Ana María Cúneo rememora la aventura de crecer entre las galletitas Manón, los guardapolvos manchados con tinta, el compañero que intentó escapar de las vacunas y los experimentos científicos de “Chiquina” Cajaraville.

Corría el año 1955 cuando en un día de primavera, mis padres, mi hermana y yo nos bajamos de un tren en la estación de Cañuelas. Llevábamos solo unos pocos bolsos porque los muebles y otras pertenencias venían en un camión que ya estaba en camino a nuestra nueva casa de la calle Rivadavia. Recién habíamos llegado, provenientes de la ciudad de Mendoza, donde al pie de la Cordillera de los Andes, aprendí a leer y a escribir. 

Una vez instalados en nuestra casa de Cañuelas, quedé inscripta para cursar el primer grado superior en la Escuela Número 1, localizada en la calle Del Carmen 517. Su historia se remonta a los tiempos cuando Cañuelas todavía estaba en pañales y sus horizontes no tenían barreras. En 1866 se había erigido, frente a la Plaza San Martín, la primera Iglesia de Nuestra Señora del Carmen. Años más tarde abrió sus puertas la escuela oficial más antigua del partido, la Número 1 “Domingo Faustino Sarmiento”, que pasó por distintos solares hasta que en 1906 se comenzó a construir el edificio actual, inuaugurado en 1913. Diseñado en un estilo europeo, de arquitectura clásica, su sólido edificio ha sido testigo de la evolución de Cañuelas desde una pequeña aldea a la ciudad que es hoy. 

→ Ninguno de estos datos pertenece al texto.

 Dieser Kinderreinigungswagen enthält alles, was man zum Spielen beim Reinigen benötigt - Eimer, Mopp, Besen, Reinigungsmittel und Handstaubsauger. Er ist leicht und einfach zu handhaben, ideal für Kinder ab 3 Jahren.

¿Cómo era la enseñanza en los años 50 y 60 en Cañuelas? Por empezar, había un gran respeto por los maestros, la puntualidad era importante. La tarea tenía que estar prolija y lista para ser entregada, y había que estudiar, porque era muy probable que hubiera un examen o que al azar alguien fuese llamado al frente para recitar de memoria la lección del día. 

Al comenzar el año escolar en la Escuela Número 1, me di cuenta de que yo era la única que escribía con lápiz, los demás alumnos ya estaban familiarizados con el tintero. No acostumbrada a manejar tinta, todas las tardes volvía de la escuela con los dedos azules, el guardapolvo manchado y muy desanimada.

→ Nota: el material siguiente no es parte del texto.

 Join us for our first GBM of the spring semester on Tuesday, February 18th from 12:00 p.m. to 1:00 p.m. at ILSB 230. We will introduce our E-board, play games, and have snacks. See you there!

En 1957, se inauguró en la calle Manuel Acuña la Escuela Número 27 “Bartolomé Mitre”. Su primera directora fue la Señora Noemí García de Fragua quien solo desempeñó el cargo por unos meses. Gracias a la proximidad de mi casa, fui transferida a la nueva escuela para cursar el tercer grado con la maestra Cacace, y bajo su paciente tutela finalmente aprendí a no mancharme los dedos con tinta. La escuela funcionaba en una casa de amplias habitaciones donde se enseñaba del primero al sexto grado. Hacia la entrada, había una sala de recibo, donde tenía su escritorio la nueva directora, la Señora Beatriz Masciotra. Luego, le seguían las aulas que abrían a un patio interior, parte del cual estaba protegido de la intemperie por un alero. Ahí nos reunían para cantar el himno nacional y escuchar discursos en fechas patrias. Al final del corredor se encontraba un cuarto más pequeño donde tenía su oficina la vice directora, la Señora María “Pochola” Rigo de Noseda.

En la parte trasera de la vivienda, había un fondo grande que en invierno se convertía en un pantano. Mi padre, como presidente de la asociación de padres, ideó una ingeniosa campaña que pedía que cada estudiante donara a la escuela un ladrillo. Con ese material recaudado, más otros tantos contribuidos por un negocio del pueblo, un grupo de padres consiguió en el curso de un fin de semana pavimentar el fondo. Para el lunes siguiente, el patio ya estaba listo para que los varones jugaran a la mancha y para que las chicas hicieran sus rondas, al son del Mantan tiru liru lá o del Martín Pescador.

Ana María Cúneo, con 5 años, probándose el guardapolvos de su hermana; y un señalador conmemorativo de los 50 años de la Escuela 27. Cortesía: Adriana Laurens.

Ana María Cúneo, con 5 años, probándose el guardapolvos de su hermana; y un señalador conmemorativo de los 50 años de la Escuela 27. Cortesía: Adriana Laurens.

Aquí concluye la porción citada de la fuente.